Wow. Cubesmith. Brings back some throwback memories into the cubing community.


----------



## KenBrace (Dec 19, 2015)

*What happened to Cube Smith?*

I order a bunch of stickers from Cube Smith several weeks ago but haven't received my package or heard anything from them. I even sent them a couple contact messages but no response. Are they out of business? If so, I'll need to make a PayPal charge-back. When was the last time you ordered something from them? Thanks!


----------



## b0ssGuy23 (Dec 19, 2015)

I heard that they never reply, but they get orders shipped out anyway. I never ordered anything from them, because of this.


----------



## SenorJuan (Dec 19, 2015)

Some chat here:
https://www.speedsolving.com/forum/showthread.php?56144-Is-Cubesmith-still-in-business


----------



## KenBrace (Dec 19, 2015)

I really hope they get my order shipped off soon. Don't think I'll be buying from them again. Not very professional to just leave people in limbo like this.


----------



## puzzlesmith (Dec 19, 2015)

I ordered from cubesmith in October, waited a month and a half with many unanswered emails, then went through PayPal with a claim. PayPal said that cubesmith never responded, so I got my money back and that was the end of that. I really would like to have some new stickers though as I am working with custom 3D printed puzzles and cubesmith seems like the monopoly for the sticker printing business.


----------



## TheSeppomania (Dec 21, 2015)

Cubesmith wrote a message on facebook a couple of weeks ago. 
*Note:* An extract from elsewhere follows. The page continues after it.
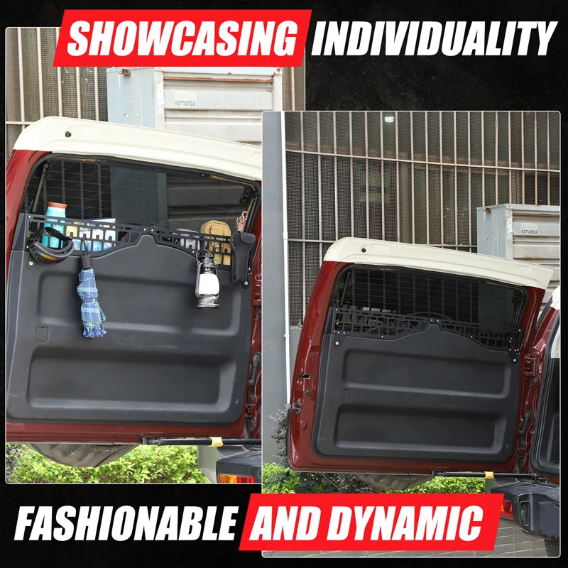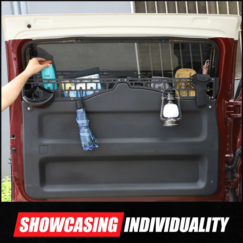 - Mantenga la carga organizada: Use la valla para crear compartimentos para comestibles, herramientas, equipo deportivo o elementos esenciales de camping dentro del área de la puerta trasera.

I'd put a link here, but my handy won't...


----------



## aie (Jan 1, 2016)

I'm in the situation. I gave up, and now I've lost my money ordering their crap. After a few weeks of no replies, I just ordered from the Cubicle, and they arrived faster than I had thought from US to UK. I'm so mad about cubesmith. They used to always reply to customer emails in the past, but I also have a feeling that they aren't active. AT LEAST mention something on your website Cubesmith. Super mad. Whatever. I recommend the Cubicle for stickers. A wider color selection, cut to measure the cube and similar prices.


----------



## Ransom5hunna (Jan 21, 2016)

*Cubesmith Order Never Gotten*

Ive contacted cubesmith twice and they have not responded i hope to get get some help coming here its been a month i checked spam and stuff it was just some stickers (Megaminx and Mirror and uncut vinyl) i ordered it in december of 2015 no reply to email either cubical never responded either to a seperate problem


----------



## aholeinthewor1d (Jan 28, 2016)

I was considering ordering stuff today from them good thing I saw this. I ordered once from the cubicle and pairs $2 for rush processing and everything went fine. I've been looking at other US based sites but seems the cubicle is the only reliable one?


----------



## Dongrayblack (Feb 16, 2016)

I ordered three sets of tiles from them on January 22nd and have heard nothing after sending two emails to [email protected].
I am reluctant to dispute through PayPal because I remember when they were the go to place to get stickers and tiles, I ordered a bunch of stickers from the cubicle, but I still love cubesmith's tiles. I guess I'll wait until the last day that I'm given to file a dispute, seeing as how this kind of delay has been kind of common in the last several months. Someone form cubesmith said that they were going through major changes in the shop.


----------



## radmin (Feb 18, 2016)

With decent computer skills their stickers are relatively easy to make at home but the their tiles are special. 
They are made of a a hard to find material, cut with expensive di cutting techniques, and have custom-applied adhesive. 
If they are truly out of business there will be a tile void for sure.


----------



## Trickydicky (Feb 22, 2016)

*Cubesmith*

Hi all,I ordered some replacement stickers for my cubes from Cubesmith.After 3 weeks I haven't received any stickers or had any reply to the emails I have sent to them.Has anyone else had problems with Cubesmith and can anyone recommend another reliable sticker supplier?Cheers


----------



## Rocky0701 (Feb 23, 2016)

Look at the previous posts of this thread, I haven't ever bought from cubesmith, but they're probably out of business. I recommend thecubicle.us for stickers. They are very reliable and have excellent customer service.


----------



## Trickydicky (Feb 23, 2016)

Thanks Rocky,I'll give cubicle a try.


----------



## Douf (Feb 23, 2016)

I've made a claim through PayPal today as well, and will be refunded in 10 days. Cubesmith cannot simply go 'out of business' and ignore their 'customers' while still taking everyone's money - shocking. Just don't use them. It's time to find a new sticker source. I recommend everybody who has money lost to them to dispute it with PayPal and get your refund soon, because you're not getting your stickers.


----------



## DELToS (Feb 23, 2016)

Rocky0701 said:


> Look at the previous posts of this thread, I haven't ever bought from cubesmith, but they're probably out of business. I recommend thecubicle.us for stickers. They are very reliable and have excellent customer service.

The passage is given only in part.